Given data:
########################################

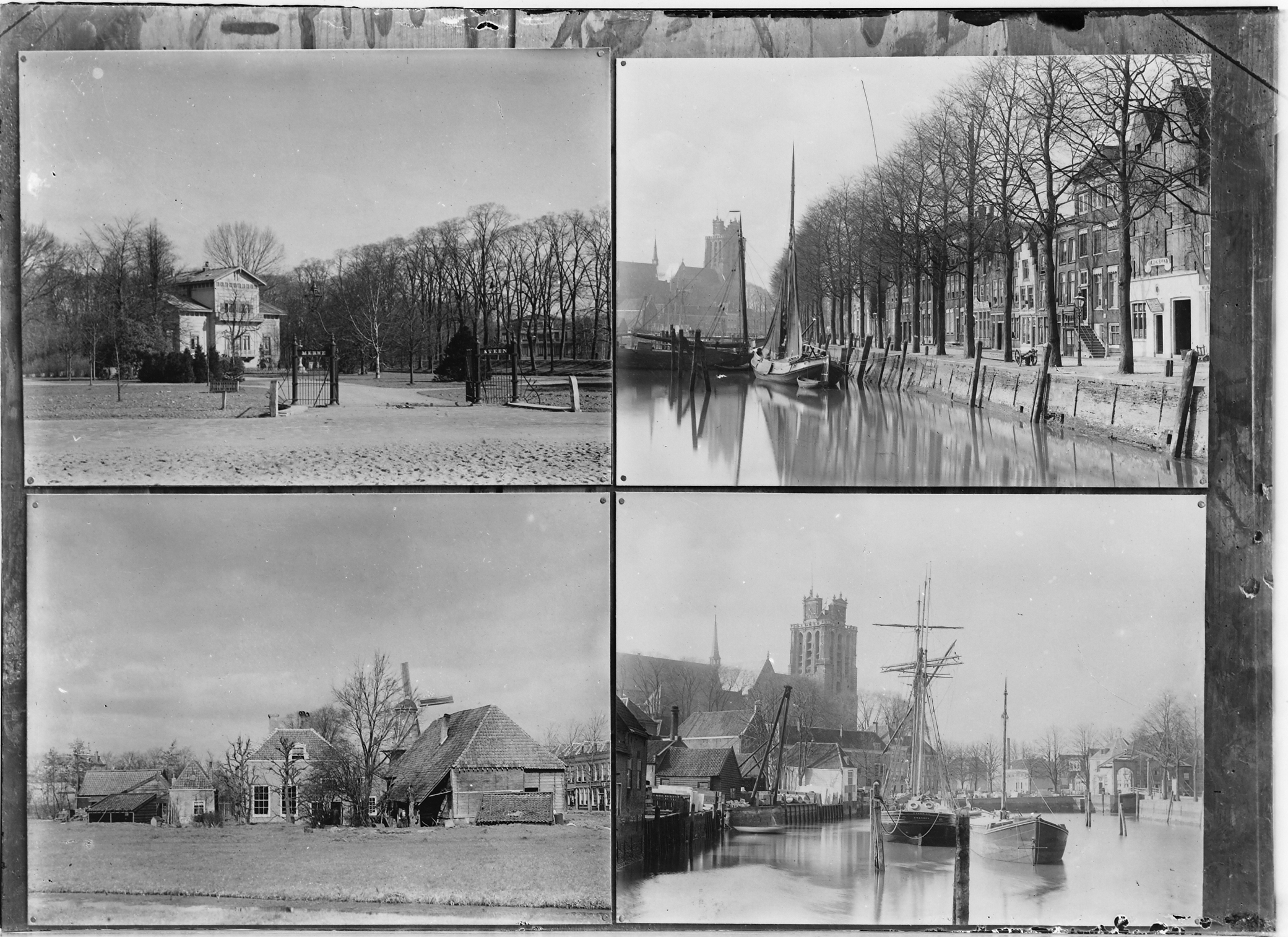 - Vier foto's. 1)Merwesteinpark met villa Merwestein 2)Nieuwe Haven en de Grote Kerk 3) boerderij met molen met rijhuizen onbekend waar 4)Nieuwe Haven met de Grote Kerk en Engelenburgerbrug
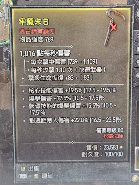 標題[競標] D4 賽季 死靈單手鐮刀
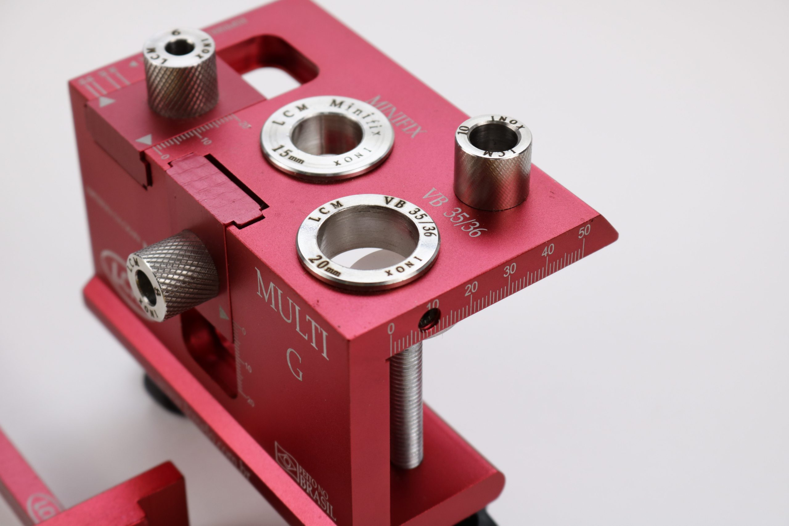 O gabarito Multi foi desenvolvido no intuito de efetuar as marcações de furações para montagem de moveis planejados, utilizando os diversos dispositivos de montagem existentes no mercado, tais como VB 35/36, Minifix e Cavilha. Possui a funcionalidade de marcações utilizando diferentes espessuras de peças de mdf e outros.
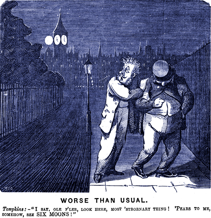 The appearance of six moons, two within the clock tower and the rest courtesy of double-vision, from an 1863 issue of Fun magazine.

########################################

Task requirements: Could you set down, exactly as written, every line from the one with "標題[競標] D4 賽季 死靈單手鐮刀" to the end of the data, both ends included? Leave out the pictures.

Task solution:
 標題[競標] D4 賽季 死靈單手鐮刀
 O gabarito Multi foi desenvolvido no intuito de efetuar as marcações de furações para montagem de moveis planejados, utilizando os diversos dispositivos de montagem existentes no mercado, tais como VB 35/36, Minifix e Cavilha. Possui a funcionalidade de marcações utilizando diferentes espessuras de peças de mdf e outros.
 The appearance of six moons, two within the clock tower and the rest courtesy of double-vision, from an 1863 issue of Fun magazine.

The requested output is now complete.